*THE DATA*:
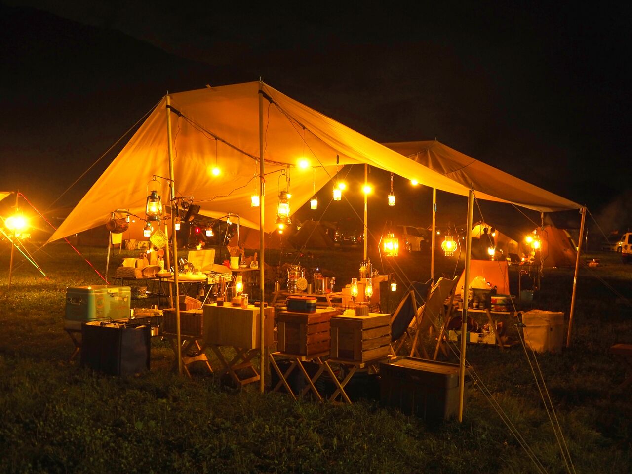 芝生エリアには、グランピング空間に
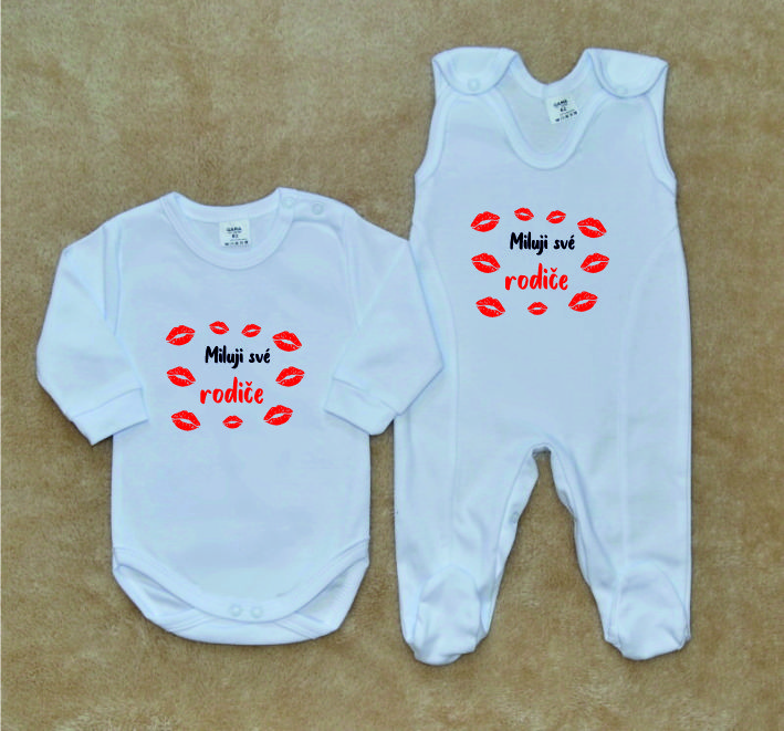 Kojenecká/dětská soupravička Gama, bílá s obrázkem a českým nápisem, Miluji své rodiče, je krásná, vysoce kvalitní, svým potiskem decentní, 2-dílná kojenecká soupravička pro miminko, která je vyrobená ze 100% velmi jemné, kojenecké, velmi příjemné, atestované bavlny, vhodné pro miminka.
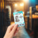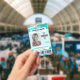 Un design moderne et unique avec un arrière - plan turquoise en marbre vert, photo, code-barres et modèle de logo. Customisez facilement ce badge à votre marque. -conçu avec Zaubershirts-
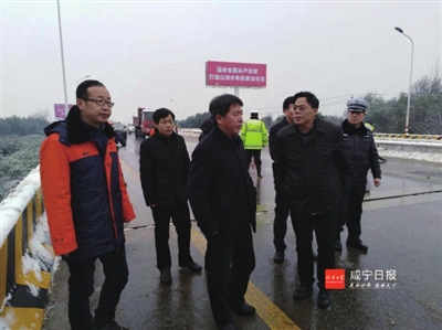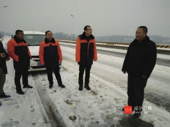 号角吹响后,该中心全体党员干部职工迎风冒雪,不畏严寒,团结一心,众志成城,踏上了抗冰雪、保畅征程。咸安区委区政府领导,市、区两级交通运输局、公路管理局领导靠前指挥,亲临河背大桥等重点、危险地段察看雪情,实地指导,极大地鼓舞了该中心全体党员干部职工战胜冰雪,确保畅通的士气。
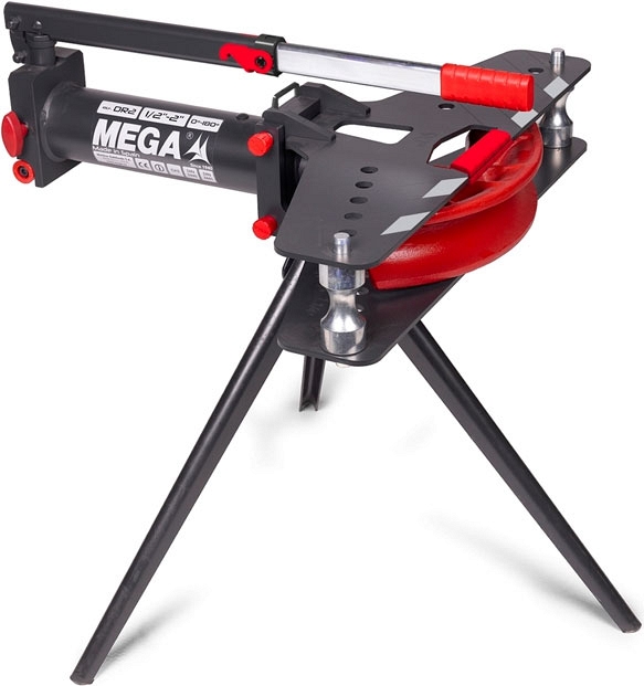 Трубогиб гидравлический ручной Mega DR2 (Мега ДР2) предназначен для гибки стальных водопроводных и газопроводных труб Ø 3/8" – 2", согласно DIN 2440 и 2441 на угол до 180° сменными гибочными сегментами под определенный диаметр трубы.
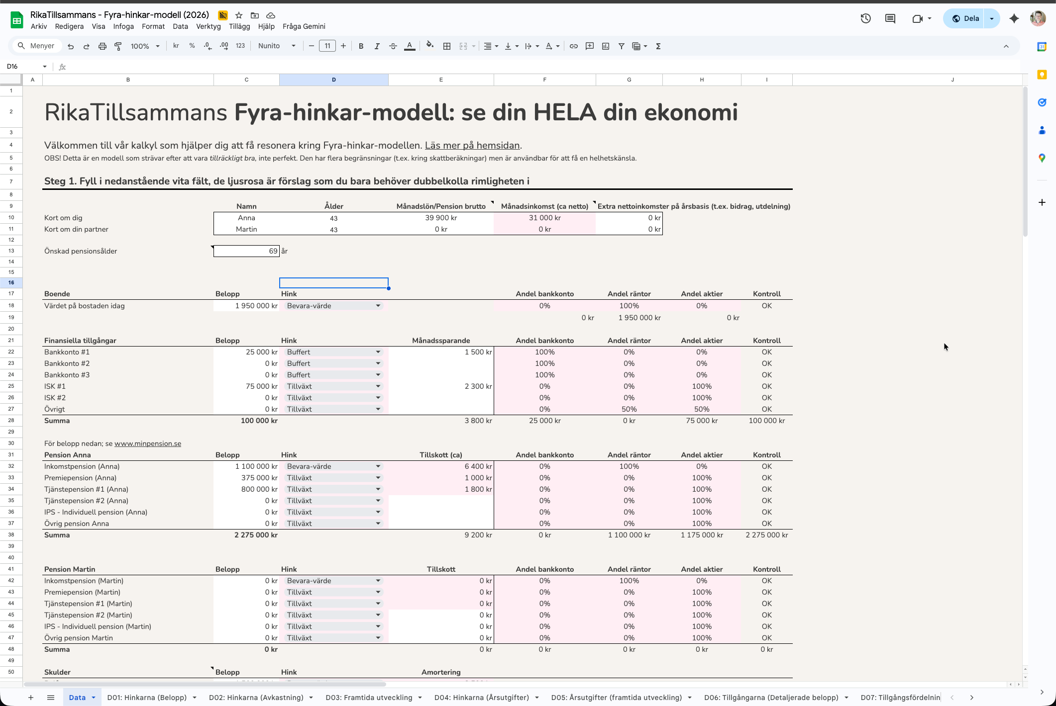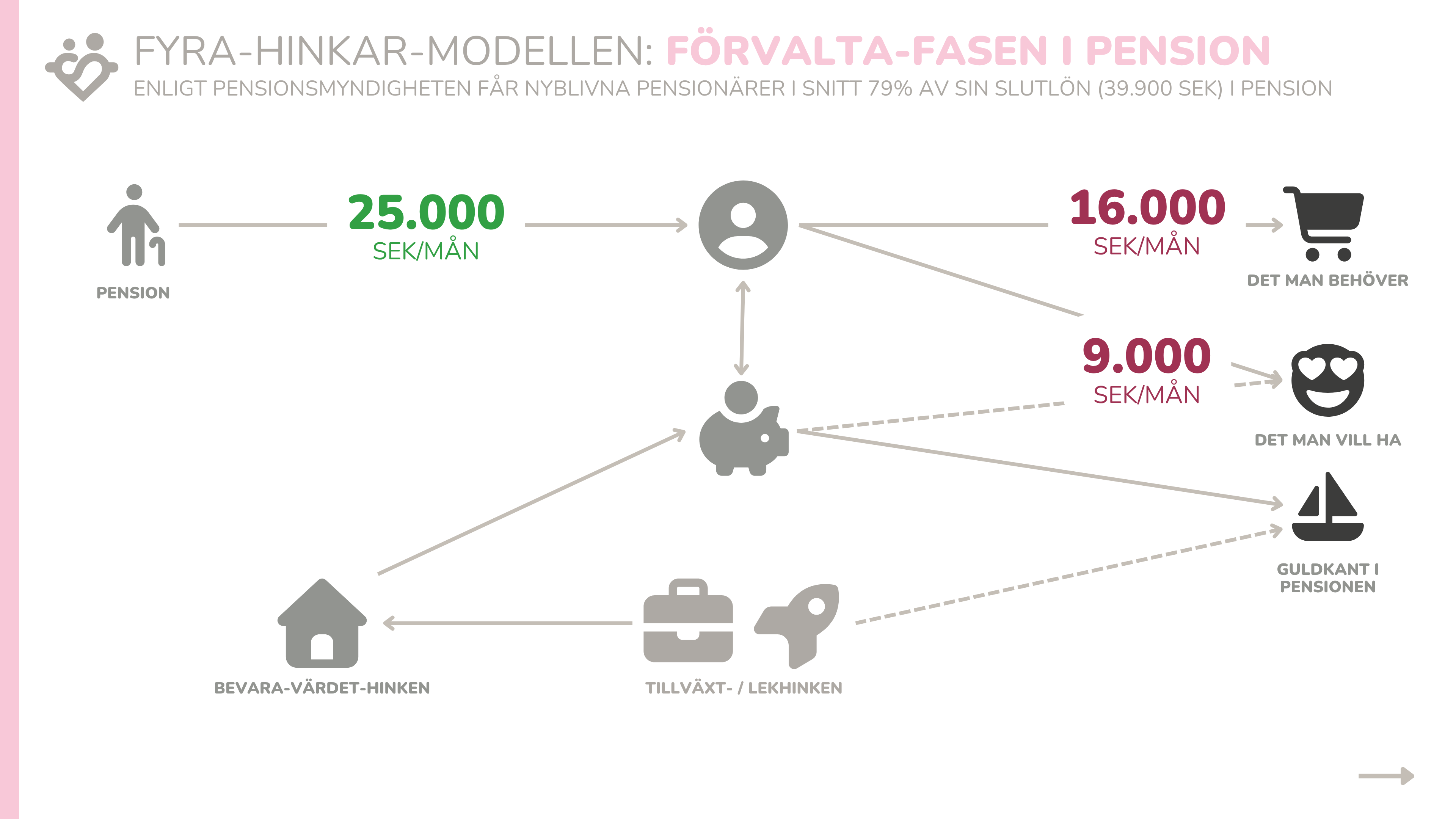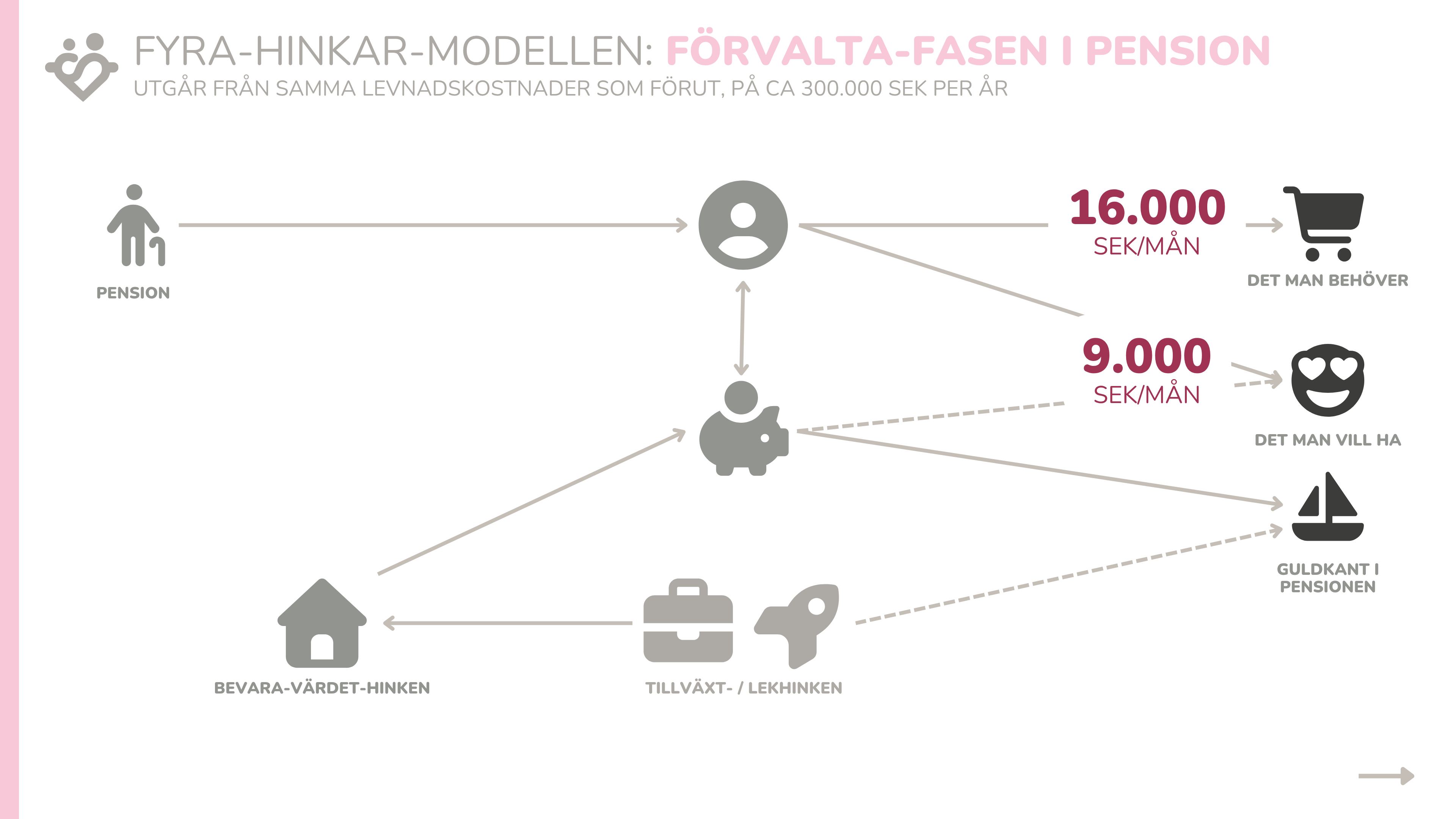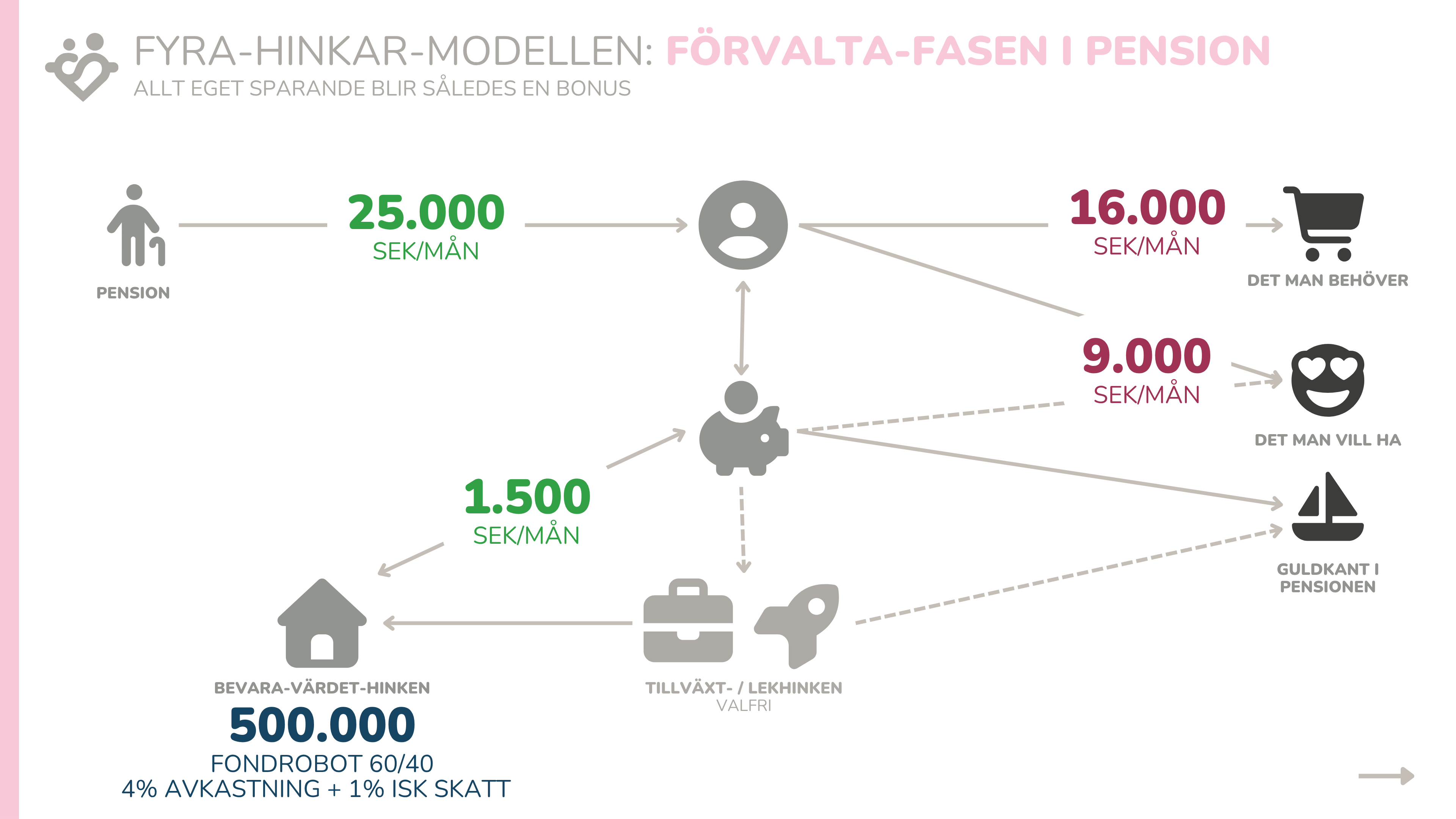 Jag tänker att vi kör igång och Karin, du får verkligen vara läsaren eller lyssnaren i avsnittet. Vi utgår från basen i fyra hinkar-modellen. Jag har inte tagit en snittsvensk, jag har tagit en snittsvensk som sparar lite mer än snittet. Men ingen multimiljardär eller mångmiljonär.

*YOUR INSTRUCTIONS*:
The whole listing, pictures excluded, should be output exactly.

*RESULT OF THIS EXERCISE*:
 芝生エリアには、グランピング空間に
 Kojenecká/dětská soupravička Gama, bílá s obrázkem a českým nápisem, Miluji své rodiče, je krásná, vysoce kvalitní, svým potiskem decentní, 2-dílná kojenecká soupravička pro miminko, která je vyrobená ze 100% velmi jemné, kojenecké, velmi příjemné, atestované bavlny, vhodné pro miminka.
 Un design moderne et unique avec un arrière - plan turquoise en marbre vert, photo, code-barres et modèle de logo. Customisez facilement ce badge à votre marque. -conçu avec Zaubershirts-
 号角吹响后,该中心全体党员干部职工迎风冒雪,不畏严寒,团结一心,众志成城,踏上了抗冰雪、保畅征程。咸安区委区政府领导,市、区两级交通运输局、公路管理局领导靠前指挥,亲临河背大桥等重点、危险地段察看雪情,实地指导,极大地鼓舞了该中心全体党员干部职工战胜冰雪,确保畅通的士气。
 Трубогиб гидравлический ручной Mega DR2 (Мега ДР2) предназначен для гибки стальных водопроводных и газопроводных труб Ø 3/8" – 2", согласно DIN 2440 и 2441 на угол до 180° сменными гибочными сегментами под определенный диаметр трубы.
 Jag tänker att vi kör igång och Karin, du får verkligen vara läsaren eller lyssnaren i avsnittet. Vi utgår från basen i fyra hinkar-modellen. Jag har inte tagit en snittsvensk, jag har tagit en snittsvensk som sparar lite mer än snittet. Men ingen multimiljardär eller mångmiljonär.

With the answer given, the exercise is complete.